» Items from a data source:
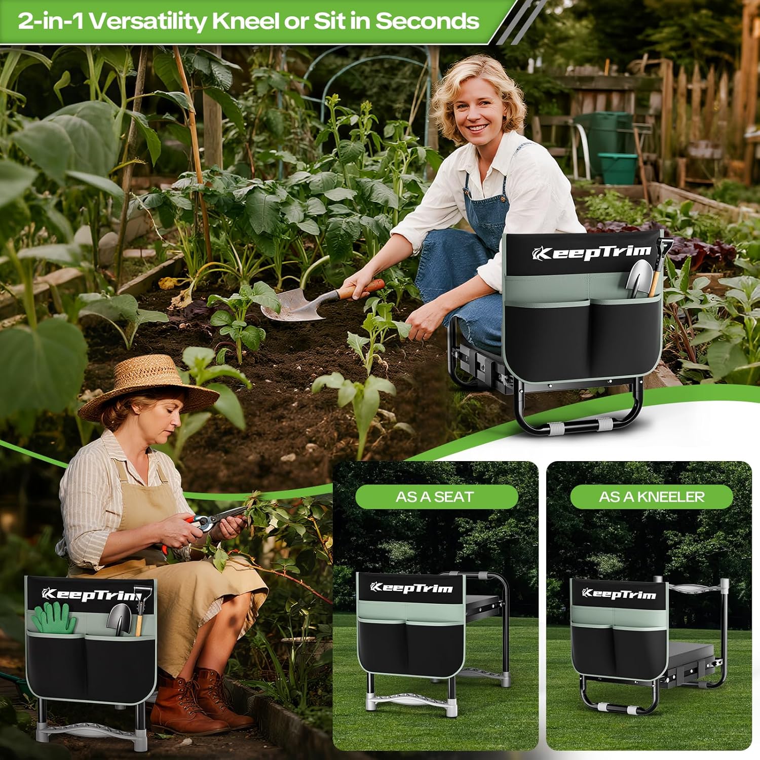 - ă2-in-1 Garden Kneeler & Seată Easily switch between a kneeling pad and a heavy duty garden seat. Provides support and protection for knees and back during prolonged outdoor gardening. A perfect gardening stools for seniors to enjoy or tend their garden comfortably.
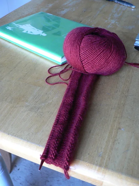 And I am plugging away on the Mother's Sweater still. It has had several different collars. You'll note now it has no collar. It hasn't revealed itself to me yet. Also, I have started and ripped out a sleeve. I have been deciding between a tapered sleeve and a straight sleeve. I'm thinking straight now, after trying the tapered...
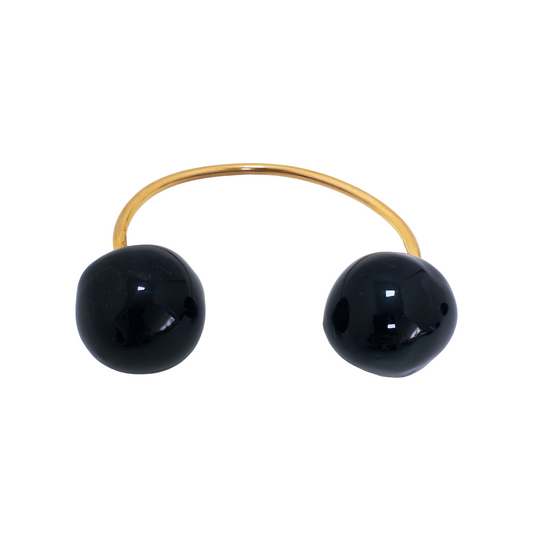 In addition to the gemstones, most pieces in this collection feature an asymmetrical bead crafted from gold foil and encased in resin. This subtle yet striking detail adds a touch of glamour and modernity to each design, enhancing its overall allure.
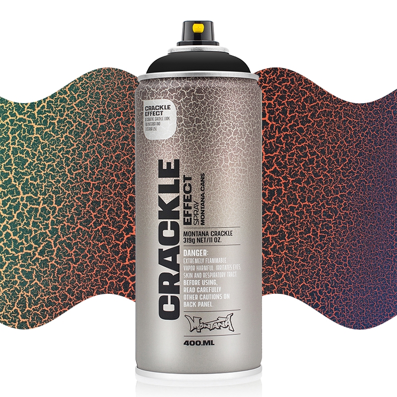 Crackle Effect er en lakk som gir en krakelert overflate, for eksempel for å oppnå en vintage/brukt effekt. Du kan spraye Crackle Effect på halvtørr eller overflatetørr akrylmaling. Akrylmalingen kan være Montana GOLD spraymaling, eller en annen akrylmaling påført med pensel. Krakeleringseffekten blir størst dess mindre malingen under får tørke før påføring. Etter grundig spraying med krakeleringslakken på det grunnede området, vil krakeleringen starte.
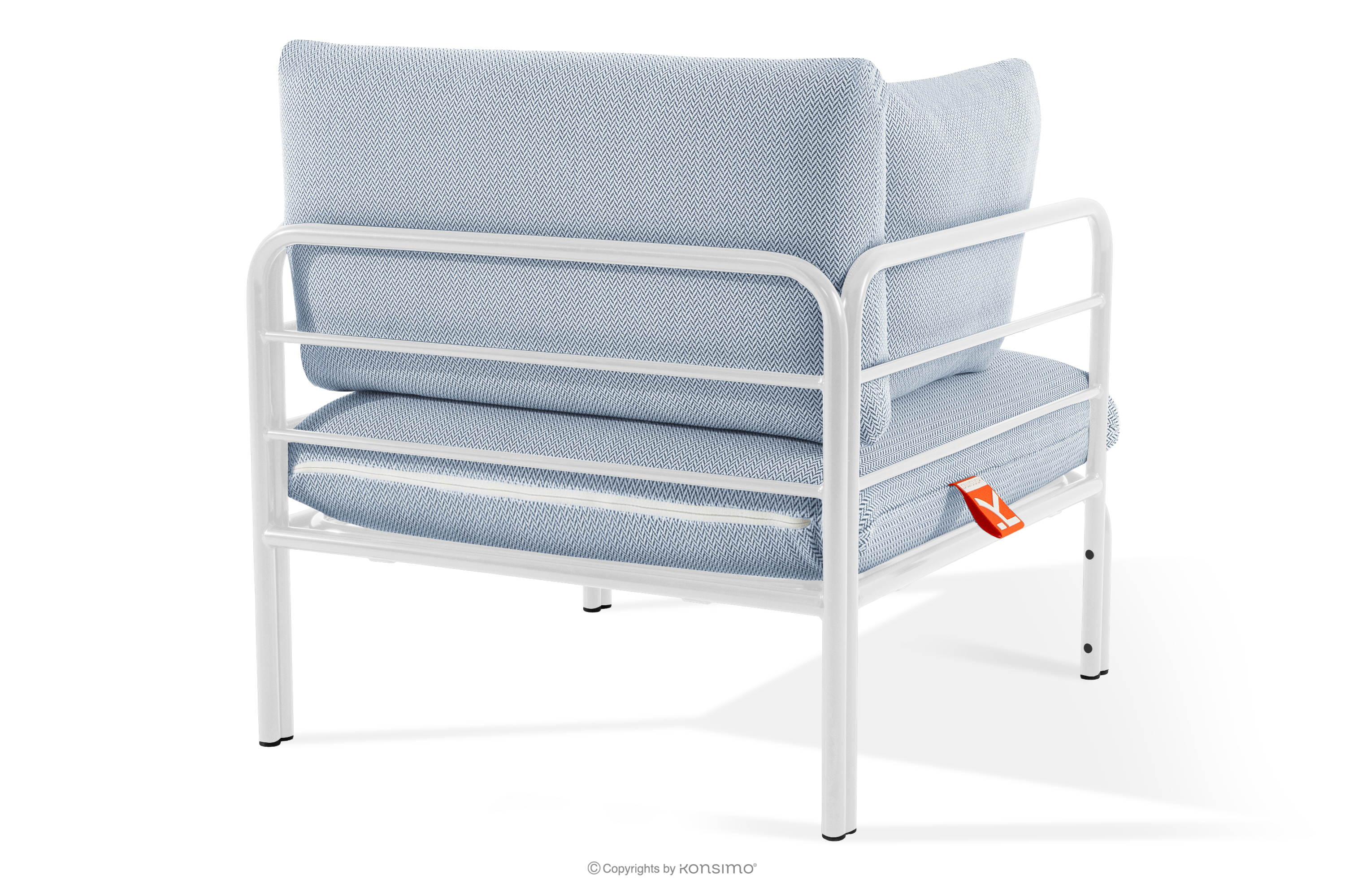 RAMBE zobacz całą kolekcję Zestaw mebli ogrodowych 2x fotel, sofa dwuosobowa, stolik biały/błękitny/biały- kolor biały/błękitny/biały
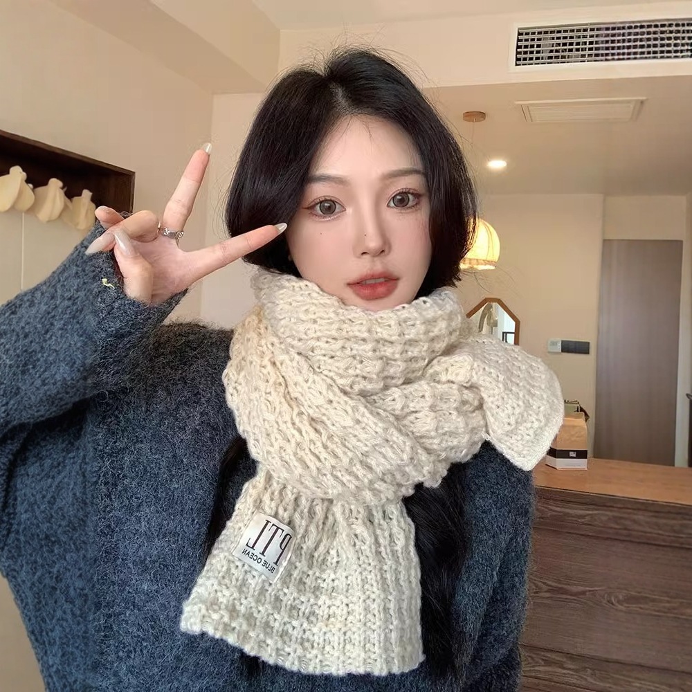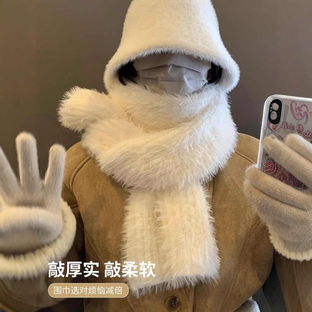 ぬいぐるみのマフラーの女性は冬2024の新型韓国版の高級感が厚くて暖かいニットの毛糸が首の白い学生を囲んでいる
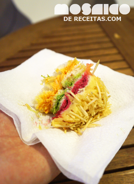 Montagem: Forre uma fôrma de 20cm de fundo falso com plástico filme, deixe sobrar bastante nas bordas. Cubra o fundo com uma camada de fatias de pão de fôrma. Corte em pedaços para tapar todos os buracos. Coloque um dos recheios coloridos. Continue assim sucessivamente até terminar com uma última camada de pão, alternando os recheios coloridos. Aperte bem entre cada camada para compactar o bolo. Dobre o plástico filme por cima da fôrma e leve ao congelador por pelo menos uma hora. Desenforme o bolo com cuidado diretamente no prato de servir. Cubra com o purê de batatas e mandioquinha, alisando bem (uma colher molhada ajuda). Pouco antes de servir, cubra o bolo todo com a batata palha.

» Exercise objective:
With the pictures omitted, restate word for word the lines above from the line that has "In addition to" up to and including the line that has "RAMBE zobacz całą", and no other lines.

» Result of this task:
 In addition to the gemstones, most pieces in this collection feature an asymmetrical bead crafted from gold foil and encased in resin. This subtle yet striking detail adds a touch of glamour and modernity to each design, enhancing its overall allure.
 Crackle Effect er en lakk som gir en krakelert overflate, for eksempel for å oppnå en vintage/brukt effekt. Du kan spraye Crackle Effect på halvtørr eller overflatetørr akrylmaling. Akrylmalingen kan være Montana GOLD spraymaling, eller en annen akrylmaling påført med pensel. Krakeleringseffekten blir størst dess mindre malingen under får tørke før påføring. Etter grundig spraying med krakeleringslakken på det grunnede området, vil krakeleringen starte.
 RAMBE zobacz całą kolekcję Zestaw mebli ogrodowych 2x fotel, sofa dwuosobowa, stolik biały/błękitny/biały- kolor biały/błękitny/biały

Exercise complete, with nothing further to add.